The three women joined Ruth. If anyone could contaminate a site it was Ruth, and the damage was probably already done. Besides, they were there to decontaminate it.

“So what do we do?” Dominique asked as Clara planted the prayer stick into the flower bed beside where Lillian’s body was found.

“We’re going to do a ritual,” Myrna explained. “It’s called smudging. We light this,” Myrna held up the dried herbs, “and then we walk around the garden with it.”

Ruth was staring at the cigar of herbs. “Freud might have a little something to say about your ritual.”

“Sometimes a smudge stick is just a smudge stick,” said Clara.

“Why’re we doing this?” Dominique asked. This was clearly a side to her neighbors she hadn’t seen before and it didn’t seem an improvement.

“To get rid of the bad spirits,” said Myrna. It did, when said so baldly, sound a little unlikely. But Myrna believed it, with all her considerable heart.
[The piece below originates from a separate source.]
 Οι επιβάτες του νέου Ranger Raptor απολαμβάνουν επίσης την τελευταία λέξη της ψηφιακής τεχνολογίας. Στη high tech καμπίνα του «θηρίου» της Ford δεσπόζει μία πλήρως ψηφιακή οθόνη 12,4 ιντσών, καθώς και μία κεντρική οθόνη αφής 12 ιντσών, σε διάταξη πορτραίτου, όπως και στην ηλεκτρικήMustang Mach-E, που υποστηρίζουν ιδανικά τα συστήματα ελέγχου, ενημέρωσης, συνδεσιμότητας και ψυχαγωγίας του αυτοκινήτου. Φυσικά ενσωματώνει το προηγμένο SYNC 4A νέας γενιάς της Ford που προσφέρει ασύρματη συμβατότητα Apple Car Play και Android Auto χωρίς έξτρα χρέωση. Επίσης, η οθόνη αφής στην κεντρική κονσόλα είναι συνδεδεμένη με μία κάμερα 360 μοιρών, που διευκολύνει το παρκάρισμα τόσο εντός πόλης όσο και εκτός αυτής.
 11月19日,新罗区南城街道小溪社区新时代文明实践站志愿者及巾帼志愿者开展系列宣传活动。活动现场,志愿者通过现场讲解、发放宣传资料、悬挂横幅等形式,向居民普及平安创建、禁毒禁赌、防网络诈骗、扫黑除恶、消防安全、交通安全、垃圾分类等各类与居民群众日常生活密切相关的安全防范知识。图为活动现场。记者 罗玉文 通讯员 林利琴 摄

Dominique turned to Ruth. “Well, I guess you’re screwed.”

There was a pause and then Ruth snorted in laughter. Hearing that Clara wondered whether turning into Ruth Zardo would be such a bad thing.

“First, we form a circle,” said Myrna. And they did. Myrna lit the sage and sweetgrass and walked from Clara to Dominique to Ruth, wafting the perfumed smoke over each woman. For protection, for peace.
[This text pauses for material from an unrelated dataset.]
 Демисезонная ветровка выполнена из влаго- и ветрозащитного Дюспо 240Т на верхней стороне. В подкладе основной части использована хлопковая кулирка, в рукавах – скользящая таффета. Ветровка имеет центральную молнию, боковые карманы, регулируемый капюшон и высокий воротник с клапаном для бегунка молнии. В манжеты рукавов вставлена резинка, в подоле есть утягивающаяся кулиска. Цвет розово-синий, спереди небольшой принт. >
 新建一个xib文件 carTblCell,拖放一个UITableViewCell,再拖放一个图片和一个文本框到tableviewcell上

Clara inhaled and closed her eyes as the soft smoke swirled around her for a moment. Taking, said Myrna, all their negative energy. The bad spirits, outside and in. Absorbing them. And making room for healing.

Then they walked around the garden, not just the dreadful place Lillian had died, but the entire garden. They took turns drifting smoke into the trees, into the babbling Rivière Bella Bella, into the roses and peonies and black-centered irises.